Problem description -> Scan the records beneath this line for the line holding "モード感漂う大人かっこいいパ" and the line holding "အခမ်းအနားသို့ ဒုတိယမြို့နယ်ပညာရေးမှူး၊ ကျောင်းအုပ်ဆရာမကြီးနှင့်", then transcribe exactly those two and all lines between.

○ ○ ○ ○

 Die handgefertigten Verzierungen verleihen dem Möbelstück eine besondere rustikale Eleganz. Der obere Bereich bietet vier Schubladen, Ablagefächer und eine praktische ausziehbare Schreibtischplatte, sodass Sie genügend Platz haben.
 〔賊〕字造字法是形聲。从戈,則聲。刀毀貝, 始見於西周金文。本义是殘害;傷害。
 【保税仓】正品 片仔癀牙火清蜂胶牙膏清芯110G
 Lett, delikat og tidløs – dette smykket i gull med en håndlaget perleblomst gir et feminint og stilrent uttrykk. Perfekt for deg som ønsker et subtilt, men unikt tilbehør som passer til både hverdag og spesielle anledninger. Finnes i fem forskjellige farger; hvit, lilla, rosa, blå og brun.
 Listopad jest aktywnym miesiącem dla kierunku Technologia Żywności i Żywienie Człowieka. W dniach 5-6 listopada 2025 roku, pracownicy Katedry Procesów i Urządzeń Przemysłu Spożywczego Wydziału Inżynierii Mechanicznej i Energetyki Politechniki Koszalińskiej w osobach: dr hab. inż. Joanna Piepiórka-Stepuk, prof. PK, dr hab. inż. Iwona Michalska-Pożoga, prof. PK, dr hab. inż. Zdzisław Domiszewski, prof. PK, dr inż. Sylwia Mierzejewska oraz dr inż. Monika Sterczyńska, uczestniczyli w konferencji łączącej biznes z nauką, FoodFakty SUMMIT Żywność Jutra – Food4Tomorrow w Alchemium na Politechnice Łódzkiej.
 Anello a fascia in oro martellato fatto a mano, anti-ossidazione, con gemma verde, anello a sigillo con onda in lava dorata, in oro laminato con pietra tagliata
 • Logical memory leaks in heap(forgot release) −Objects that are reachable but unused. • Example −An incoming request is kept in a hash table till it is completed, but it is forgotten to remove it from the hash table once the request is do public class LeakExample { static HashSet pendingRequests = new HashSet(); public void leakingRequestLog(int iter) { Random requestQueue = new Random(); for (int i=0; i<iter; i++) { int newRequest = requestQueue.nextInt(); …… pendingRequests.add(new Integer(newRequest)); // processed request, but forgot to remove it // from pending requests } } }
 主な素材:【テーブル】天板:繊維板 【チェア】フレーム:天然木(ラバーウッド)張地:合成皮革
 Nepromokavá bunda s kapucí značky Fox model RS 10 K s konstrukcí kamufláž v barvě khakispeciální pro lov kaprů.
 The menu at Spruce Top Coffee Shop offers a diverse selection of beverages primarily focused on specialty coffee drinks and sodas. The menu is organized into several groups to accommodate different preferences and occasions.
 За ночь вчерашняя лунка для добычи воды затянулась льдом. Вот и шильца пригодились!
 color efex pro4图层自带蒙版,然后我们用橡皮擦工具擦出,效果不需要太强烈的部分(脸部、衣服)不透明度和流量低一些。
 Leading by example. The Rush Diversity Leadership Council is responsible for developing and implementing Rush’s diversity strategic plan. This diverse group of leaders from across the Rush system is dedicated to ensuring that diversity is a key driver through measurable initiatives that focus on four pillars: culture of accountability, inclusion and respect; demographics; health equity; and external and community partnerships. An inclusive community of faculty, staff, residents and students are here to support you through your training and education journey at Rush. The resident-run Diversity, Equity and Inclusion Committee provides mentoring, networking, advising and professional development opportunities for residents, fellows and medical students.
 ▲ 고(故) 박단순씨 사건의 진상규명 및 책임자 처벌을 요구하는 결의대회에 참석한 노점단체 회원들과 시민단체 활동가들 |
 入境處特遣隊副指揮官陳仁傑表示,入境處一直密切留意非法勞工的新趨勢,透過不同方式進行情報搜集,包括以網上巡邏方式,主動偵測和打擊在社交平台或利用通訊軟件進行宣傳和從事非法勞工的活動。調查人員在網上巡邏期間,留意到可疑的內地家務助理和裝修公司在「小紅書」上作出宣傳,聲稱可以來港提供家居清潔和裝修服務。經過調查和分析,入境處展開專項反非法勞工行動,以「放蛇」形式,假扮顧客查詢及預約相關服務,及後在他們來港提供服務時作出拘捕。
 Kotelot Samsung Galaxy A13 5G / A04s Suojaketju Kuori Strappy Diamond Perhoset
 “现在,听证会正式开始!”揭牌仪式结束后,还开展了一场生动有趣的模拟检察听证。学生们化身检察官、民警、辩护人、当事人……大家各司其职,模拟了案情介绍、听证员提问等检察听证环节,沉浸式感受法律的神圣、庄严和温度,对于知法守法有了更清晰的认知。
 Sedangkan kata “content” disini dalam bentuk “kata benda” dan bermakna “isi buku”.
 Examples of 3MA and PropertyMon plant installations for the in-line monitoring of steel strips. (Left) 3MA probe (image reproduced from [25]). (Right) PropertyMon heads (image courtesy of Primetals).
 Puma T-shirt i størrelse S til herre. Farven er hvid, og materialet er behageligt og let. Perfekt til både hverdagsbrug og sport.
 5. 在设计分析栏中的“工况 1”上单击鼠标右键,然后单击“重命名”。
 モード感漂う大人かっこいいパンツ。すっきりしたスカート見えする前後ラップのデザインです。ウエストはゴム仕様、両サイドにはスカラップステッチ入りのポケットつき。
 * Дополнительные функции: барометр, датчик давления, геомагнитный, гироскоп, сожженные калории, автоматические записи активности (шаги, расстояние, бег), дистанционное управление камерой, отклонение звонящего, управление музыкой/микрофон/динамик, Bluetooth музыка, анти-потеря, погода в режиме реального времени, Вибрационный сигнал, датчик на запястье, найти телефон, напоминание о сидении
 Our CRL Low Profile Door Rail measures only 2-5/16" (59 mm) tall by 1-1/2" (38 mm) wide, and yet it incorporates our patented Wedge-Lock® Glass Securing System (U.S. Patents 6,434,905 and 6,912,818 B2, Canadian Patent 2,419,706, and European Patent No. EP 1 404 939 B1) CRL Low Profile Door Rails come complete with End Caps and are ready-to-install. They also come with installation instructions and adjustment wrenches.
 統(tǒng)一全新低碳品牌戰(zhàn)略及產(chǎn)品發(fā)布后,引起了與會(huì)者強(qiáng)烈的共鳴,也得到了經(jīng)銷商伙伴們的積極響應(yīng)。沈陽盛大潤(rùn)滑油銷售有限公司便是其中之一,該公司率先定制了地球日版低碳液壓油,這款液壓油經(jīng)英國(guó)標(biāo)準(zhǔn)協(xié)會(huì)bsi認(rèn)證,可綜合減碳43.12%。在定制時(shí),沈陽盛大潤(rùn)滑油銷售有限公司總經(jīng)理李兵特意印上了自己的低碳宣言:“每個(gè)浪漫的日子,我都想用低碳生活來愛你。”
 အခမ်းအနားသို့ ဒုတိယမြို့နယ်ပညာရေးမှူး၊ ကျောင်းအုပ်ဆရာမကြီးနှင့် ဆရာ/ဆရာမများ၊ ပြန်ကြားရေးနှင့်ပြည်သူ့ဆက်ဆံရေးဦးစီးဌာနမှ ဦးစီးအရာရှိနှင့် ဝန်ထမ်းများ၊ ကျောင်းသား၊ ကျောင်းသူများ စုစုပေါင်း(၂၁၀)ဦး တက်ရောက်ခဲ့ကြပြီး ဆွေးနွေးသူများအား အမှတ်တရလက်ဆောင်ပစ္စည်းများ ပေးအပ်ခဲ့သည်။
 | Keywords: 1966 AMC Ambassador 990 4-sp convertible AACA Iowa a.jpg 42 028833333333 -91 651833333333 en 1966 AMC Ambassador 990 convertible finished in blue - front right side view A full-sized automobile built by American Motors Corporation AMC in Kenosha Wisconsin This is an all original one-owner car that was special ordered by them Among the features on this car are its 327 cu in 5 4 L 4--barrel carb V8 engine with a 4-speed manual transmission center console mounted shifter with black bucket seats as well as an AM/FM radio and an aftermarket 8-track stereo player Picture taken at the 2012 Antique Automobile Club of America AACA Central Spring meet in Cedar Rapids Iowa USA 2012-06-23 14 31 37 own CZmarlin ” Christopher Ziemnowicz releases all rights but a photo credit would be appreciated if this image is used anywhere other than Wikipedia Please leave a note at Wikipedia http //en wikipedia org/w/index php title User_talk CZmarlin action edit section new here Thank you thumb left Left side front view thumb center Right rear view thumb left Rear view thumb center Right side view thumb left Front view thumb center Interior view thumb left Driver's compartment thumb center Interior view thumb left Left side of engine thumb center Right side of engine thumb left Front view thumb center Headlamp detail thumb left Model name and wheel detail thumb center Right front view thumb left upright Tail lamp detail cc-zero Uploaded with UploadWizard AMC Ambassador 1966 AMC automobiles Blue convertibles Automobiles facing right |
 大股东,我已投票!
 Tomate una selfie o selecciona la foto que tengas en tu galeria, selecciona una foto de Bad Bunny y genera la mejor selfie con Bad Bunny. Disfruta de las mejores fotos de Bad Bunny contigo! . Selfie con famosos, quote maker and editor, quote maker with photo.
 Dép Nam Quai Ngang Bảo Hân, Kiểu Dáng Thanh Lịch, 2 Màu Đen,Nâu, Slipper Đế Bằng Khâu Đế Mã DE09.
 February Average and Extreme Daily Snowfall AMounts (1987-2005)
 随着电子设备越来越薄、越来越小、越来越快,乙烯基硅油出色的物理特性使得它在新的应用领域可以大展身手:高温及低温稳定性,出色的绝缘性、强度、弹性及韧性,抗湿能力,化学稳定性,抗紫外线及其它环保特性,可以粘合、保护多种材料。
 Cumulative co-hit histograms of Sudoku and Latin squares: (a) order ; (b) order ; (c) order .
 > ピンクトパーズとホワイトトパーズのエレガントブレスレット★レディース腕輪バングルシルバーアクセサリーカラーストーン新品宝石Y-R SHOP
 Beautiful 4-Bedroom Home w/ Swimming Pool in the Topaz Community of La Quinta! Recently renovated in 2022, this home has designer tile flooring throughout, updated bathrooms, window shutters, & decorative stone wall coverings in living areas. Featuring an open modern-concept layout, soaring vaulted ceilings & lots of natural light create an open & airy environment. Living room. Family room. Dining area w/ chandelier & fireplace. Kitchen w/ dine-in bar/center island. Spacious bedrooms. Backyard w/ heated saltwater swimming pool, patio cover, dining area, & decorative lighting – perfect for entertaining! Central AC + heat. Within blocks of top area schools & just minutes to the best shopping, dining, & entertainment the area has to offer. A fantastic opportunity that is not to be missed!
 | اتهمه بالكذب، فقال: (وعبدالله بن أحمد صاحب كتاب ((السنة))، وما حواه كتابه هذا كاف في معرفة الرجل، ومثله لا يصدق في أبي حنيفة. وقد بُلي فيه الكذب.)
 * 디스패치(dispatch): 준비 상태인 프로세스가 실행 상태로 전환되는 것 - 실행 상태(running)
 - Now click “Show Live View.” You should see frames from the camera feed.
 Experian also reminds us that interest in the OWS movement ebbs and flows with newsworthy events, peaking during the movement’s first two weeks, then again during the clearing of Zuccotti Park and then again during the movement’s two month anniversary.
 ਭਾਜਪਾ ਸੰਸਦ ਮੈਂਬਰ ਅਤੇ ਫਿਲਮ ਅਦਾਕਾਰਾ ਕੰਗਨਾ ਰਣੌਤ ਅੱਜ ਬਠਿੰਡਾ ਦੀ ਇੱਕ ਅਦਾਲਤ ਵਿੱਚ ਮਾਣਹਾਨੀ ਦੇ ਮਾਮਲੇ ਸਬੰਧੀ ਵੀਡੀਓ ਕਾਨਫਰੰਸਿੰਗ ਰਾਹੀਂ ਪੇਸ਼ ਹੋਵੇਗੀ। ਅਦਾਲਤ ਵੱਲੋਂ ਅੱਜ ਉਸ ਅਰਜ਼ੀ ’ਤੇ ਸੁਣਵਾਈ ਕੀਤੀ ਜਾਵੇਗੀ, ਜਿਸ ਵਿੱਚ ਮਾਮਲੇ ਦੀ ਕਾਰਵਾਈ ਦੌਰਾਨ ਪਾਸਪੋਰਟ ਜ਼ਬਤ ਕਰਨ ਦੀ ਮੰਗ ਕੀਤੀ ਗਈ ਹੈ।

○ ○ ○ ○

Answer to the exercise ->
 モード感漂う大人かっこいいパンツ。すっきりしたスカート見えする前後ラップのデザインです。ウエストはゴム仕様、両サイドにはスカラップステッチ入りのポケットつき。
 * Дополнительные функции: барометр, датчик давления, геомагнитный, гироскоп, сожженные калории, автоматические записи активности (шаги, расстояние, бег), дистанционное управление камерой, отклонение звонящего, управление музыкой/микрофон/динамик, Bluetooth музыка, анти-потеря, погода в режиме реального времени, Вибрационный сигнал, датчик на запястье, найти телефон, напоминание о сидении
 Our CRL Low Profile Door Rail measures only 2-5/16" (59 mm) tall by 1-1/2" (38 mm) wide, and yet it incorporates our patented Wedge-Lock® Glass Securing System (U.S. Patents 6,434,905 and 6,912,818 B2, Canadian Patent 2,419,706, and European Patent No. EP 1 404 939 B1) CRL Low Profile Door Rails come complete with End Caps and are ready-to-install. They also come with installation instructions and adjustment wrenches.
 統(tǒng)一全新低碳品牌戰(zhàn)略及產(chǎn)品發(fā)布后,引起了與會(huì)者強(qiáng)烈的共鳴,也得到了經(jīng)銷商伙伴們的積極響應(yīng)。沈陽盛大潤(rùn)滑油銷售有限公司便是其中之一,該公司率先定制了地球日版低碳液壓油,這款液壓油經(jīng)英國(guó)標(biāo)準(zhǔn)協(xié)會(huì)bsi認(rèn)證,可綜合減碳43.12%。在定制時(shí),沈陽盛大潤(rùn)滑油銷售有限公司總經(jīng)理李兵特意印上了自己的低碳宣言:“每個(gè)浪漫的日子,我都想用低碳生活來愛你。”
 အခမ်းအနားသို့ ဒုတိယမြို့နယ်ပညာရေးမှူး၊ ကျောင်းအုပ်ဆရာမကြီးနှင့် ဆရာ/ဆရာမများ၊ ပြန်ကြားရေးနှင့်ပြည်သူ့ဆက်ဆံရေးဦးစီးဌာနမှ ဦးစီးအရာရှိနှင့် ဝန်ထမ်းများ၊ ကျောင်းသား၊ ကျောင်းသူများ စုစုပေါင်း(၂၁၀)ဦး တက်ရောက်ခဲ့ကြပြီး ဆွေးနွေးသူများအား အမှတ်တရလက်ဆောင်ပစ္စည်းများ ပေးအပ်ခဲ့သည်။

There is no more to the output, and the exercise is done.